Parallel coaching on numerous GPUs is cutting-edge in deep studying. The open supply picture era algorithm Secure Diffusion was skilled on a cluster of 256 GPUs. Meta’s AI Analysis SuperCluster comprises greater than 24,000 NVIDIA H100 GPUs which are used to coach fashions comparable to Llama 3.
By utilizing a number of GPUs, machine studying specialists scale back the wall time of their coaching runs. Coaching Secure Diffusion took 150,000 GPU hours, or greater than 17 years. Parallel coaching decreased that to 25 days.
There are two kinds of parallel deep studying:
- Information parallelism, the place a big dataset is distributed throughout a number of GPUs.

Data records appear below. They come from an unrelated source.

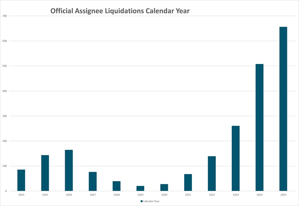 The liquidations taken by the Official Assignee peaked in 2025 off the back of IRD winding up applications. In December 2025 the Official Assignee took 44 of the 76 court appointed liquidations. They continue to be the busiest liquidator in the country.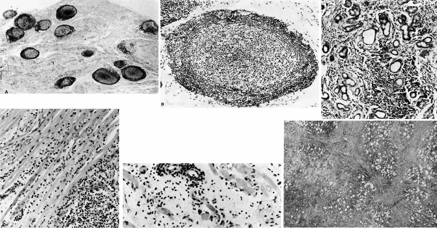 NONSUPPURATIVE NODULAR PANNICULITIS (WEBER-CHRISTIAN DISEASE) Nonsuppurative nodular panniculitis is characterized by nodular inflammation of subcutaneous fat associated with relapsing fevers, generalized weakness, arthritis, and myalgias.284–286 It is more common in middle-aged females, and lesions occur most commonly in the lower extremities. Corneal ulcers, exophthalmos, subconjunctival nodules, episcleritis, and uveitis may be associated with this disease process.287 Heparin has been used to treat the inflammatory intraocular manifestations of this condition. Laboratory Findings Laboratory features include an elevated sedimentation rate, anemia, leukopenia, and hypocomplementemia. During times of active symptomatology often there will be evidence of circulating 7S IgM or immune complexes. Death occasionally occurs due to hemorrhage and severe inflammation, with involvement of the heart, mesenteric fat, and viscera. Other diseases, including erythema nodosum, systemic lupus erythematosus, hypergammaglobulinemia, acute myelogenous leukemia, rheumatoid arthritis, sarcoidosis, and acalculous cholecystitis, may occur in patients with nonsuppurative nodular panniculitis. Intensive anti-inflammatory and antineoplastic therapy is necessary to manage this disease. Histopathology Histopathologically there is evidence of an acute inflammatory response in the fat associated with vasculitis, necrosis, and fat atrophy. Lipid-laden macrophages are common. There may be considerable fibrosis present due to recurrent inflammation. Diagnosis of this condition is based on its multifocality associated with a decreased lipoprotein lipase level. Diabetes, dermatomyositis, pancreatitis, rheumatoid arthritis, and high levels of bromide and iodide may be associated with fat atrophy. These entities usually are not associated with involvement of the orbital fat. Localized inflammation of the orbit as well as a lipogranulomatous response occurs with rupture of an orbital dermoid. However, the absence of systemic symptoms differentiates this from nonsuppurative nodular panniculitis. |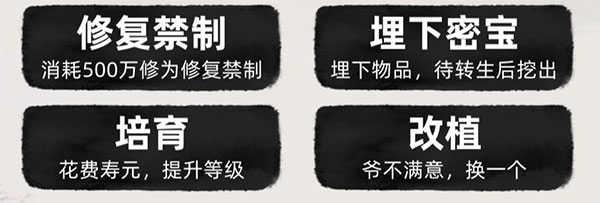 4、炼化法宝可以开启洞府功能,在洞府中可以注入寿元种植草药,收获的草药可以在丹炉中修炼丹药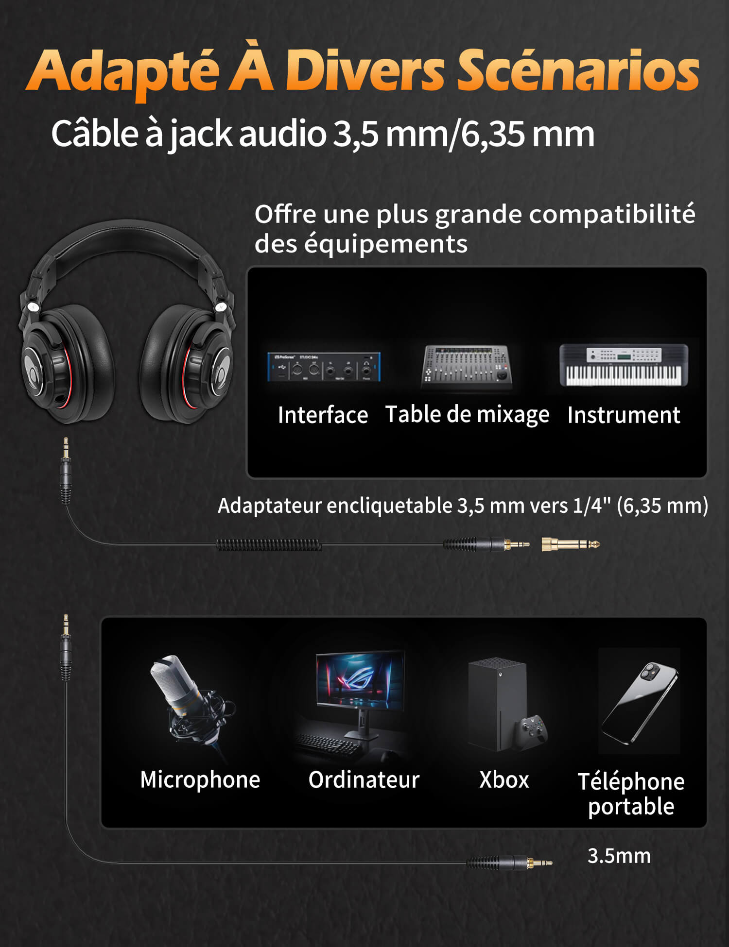 Connecteurs : Ф3,5 mm + Ф6,3 mm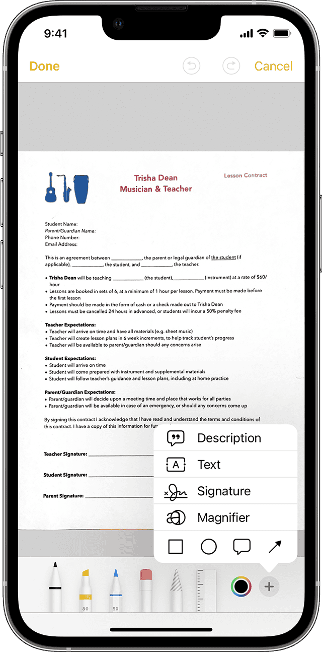 - Signera dokument:Lägg till din signatur i skannade dokument direkt i Notes-appen.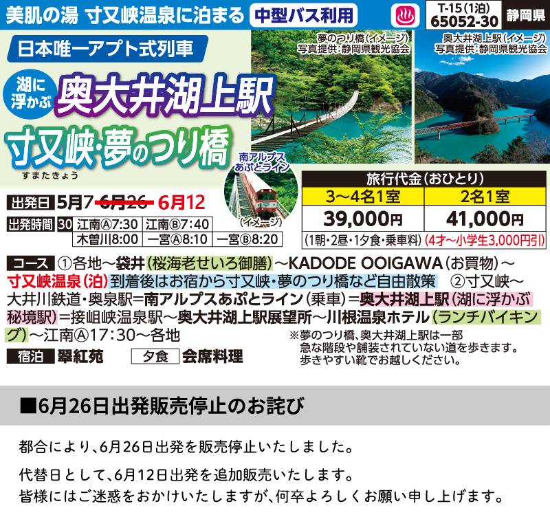 | 65052-30 | 宿泊バスの旅 | 39,000円 ~ 41,000円 | 2026/05/07 ~ 2026/06/26 |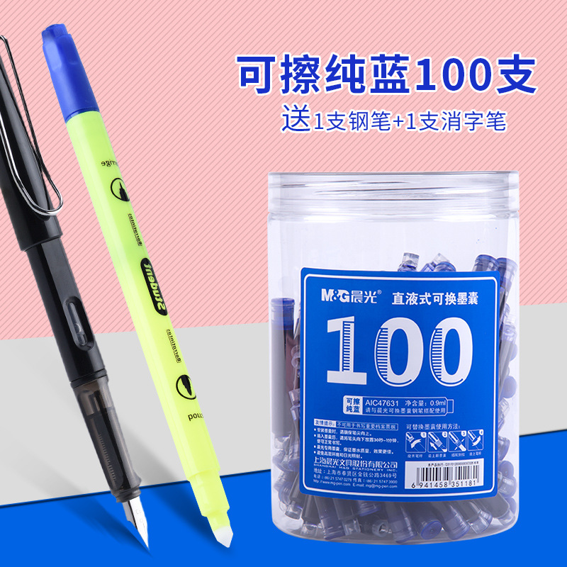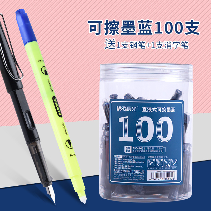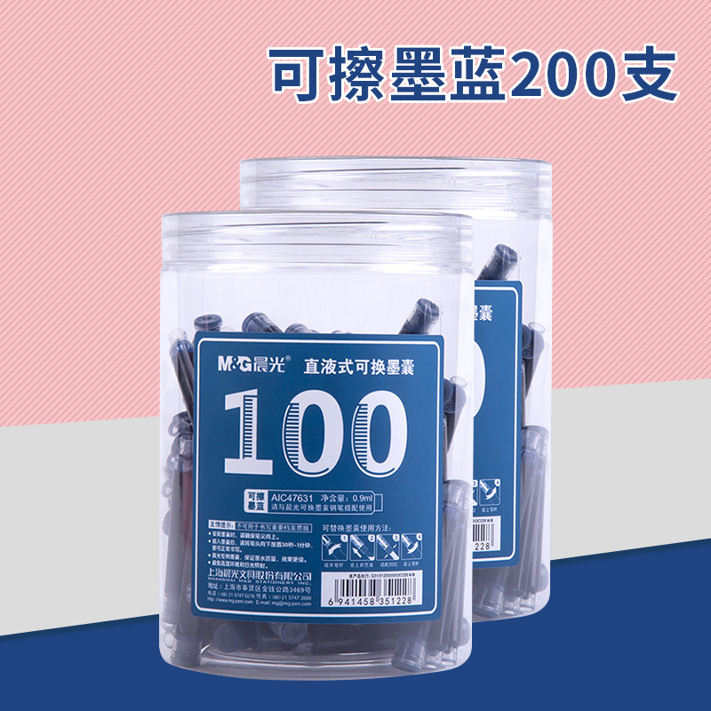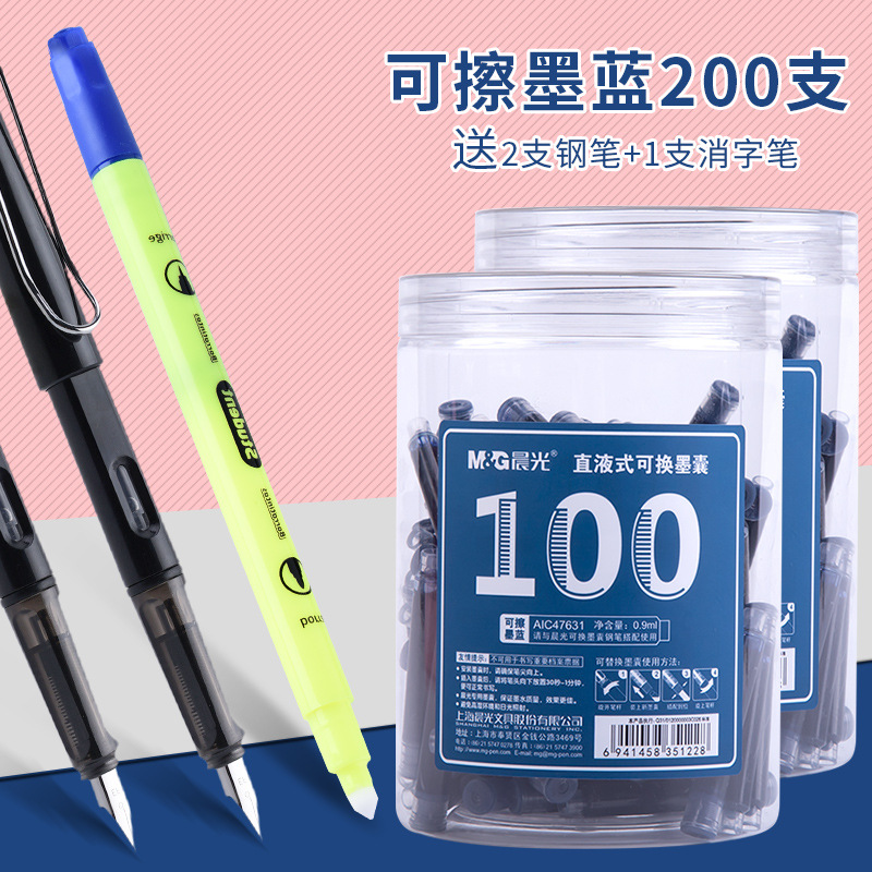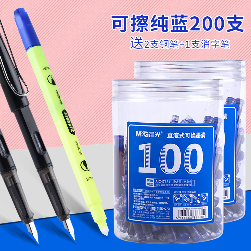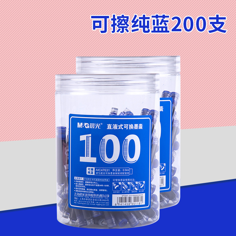 Chenguang 펜 잉크 sac 200 저렴한 잉크 sac 교체 가능한 잉크 방광 지울 수있는 순수 블루 블루 블랙 초등학생스토어 가기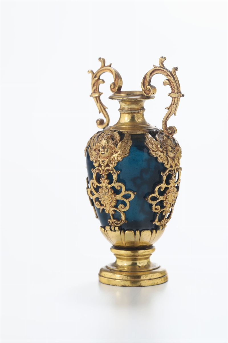 Vaso in vetro soffiato colore blu con montatura in bronzo cesellato e dorato. Firenze o Pisa fine XVII inizi XVIII secolo [..]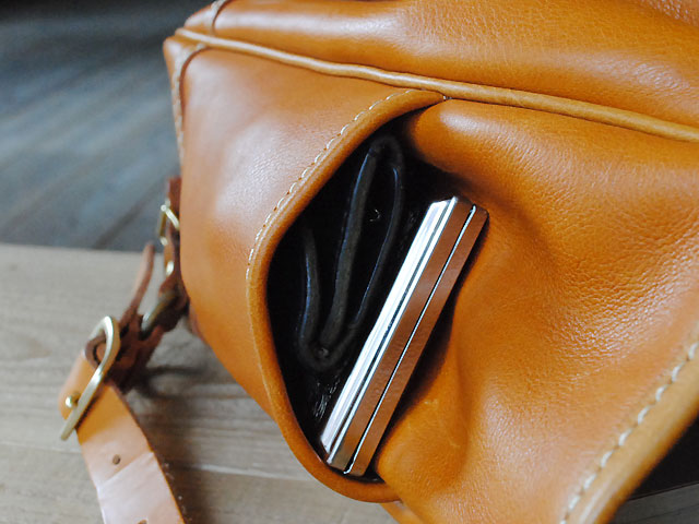 メイン収納口にはベルトが付いており、口部分の広さを調整出来るようにしております。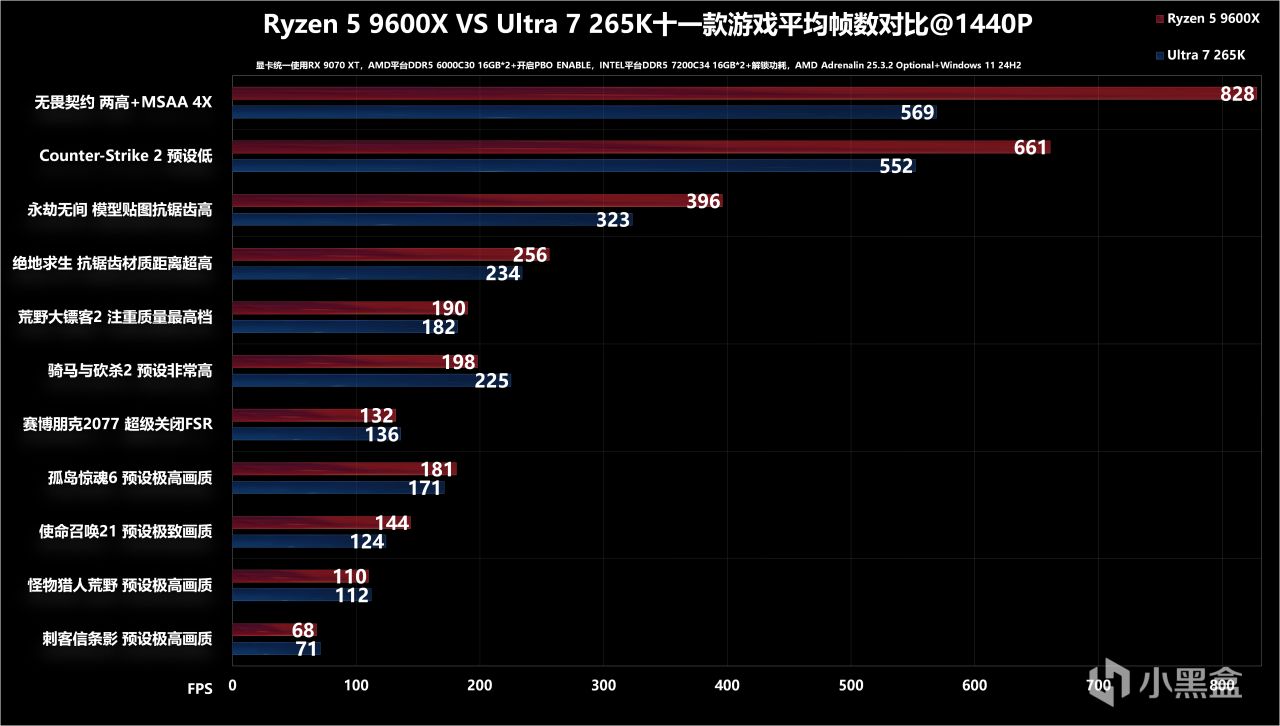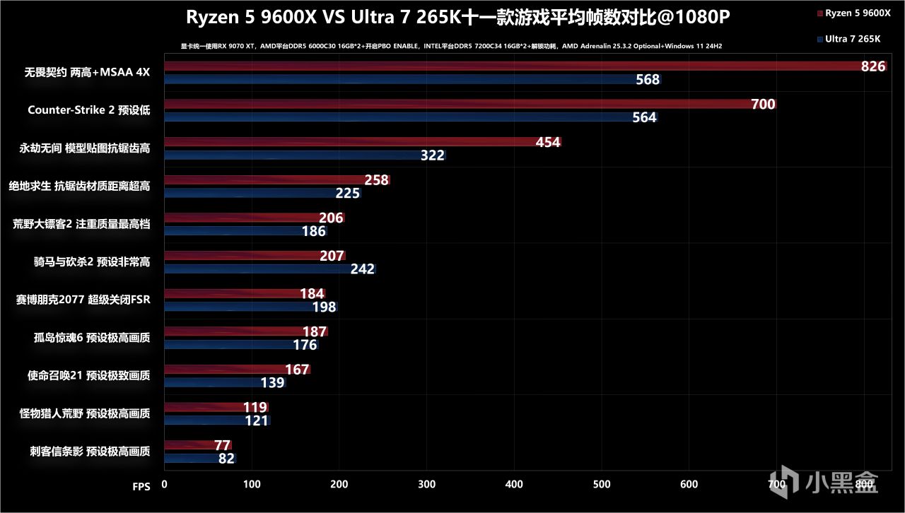 而3A單機項目9600X也不甘示弱,荒野大鏢客2和使命召喚21都能領先10%以上,反觀265K能贏較多就只有騎馬與砍殺2,熟悉這款遊戲的朋友應該都清楚,它是一款不止8核16線程優化的遊戲,而千元CPU主流定位就是6大核心沒毛病,265K與9600X差價1000元這不是應有的水平嘛。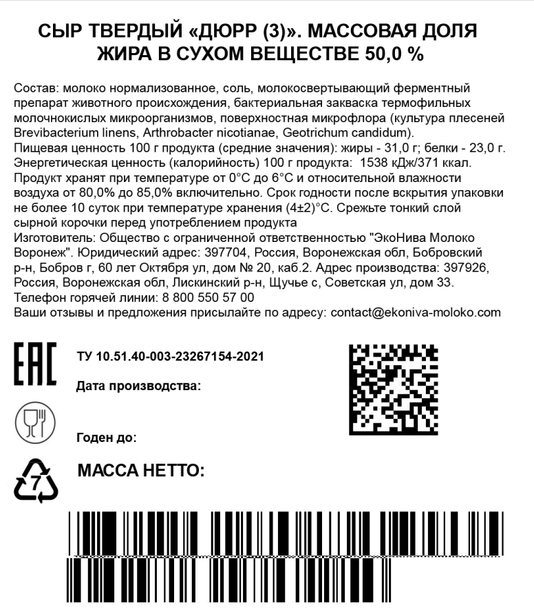 Сыр Эконива Дюрр твердый 3 месяца выдержки 50%, ~900г

- Mannequin parallelism, the place a deep studying mannequin that’s too giant to suit on a single GPU is distributed throughout a number of gadgets.
We’ll focus right here on information parallelism, as mannequin parallelism solely turns into related for very giant fashions past 500M parameters.
Past decreasing wall time, there may be an financial argument for parallel coaching: Cloud compute suppliers comparable to AWS provide single machines with as much as 16 GPUs. Parallel coaching can reap the benefits of all obtainable GPUs, and also you get extra worth in your cash.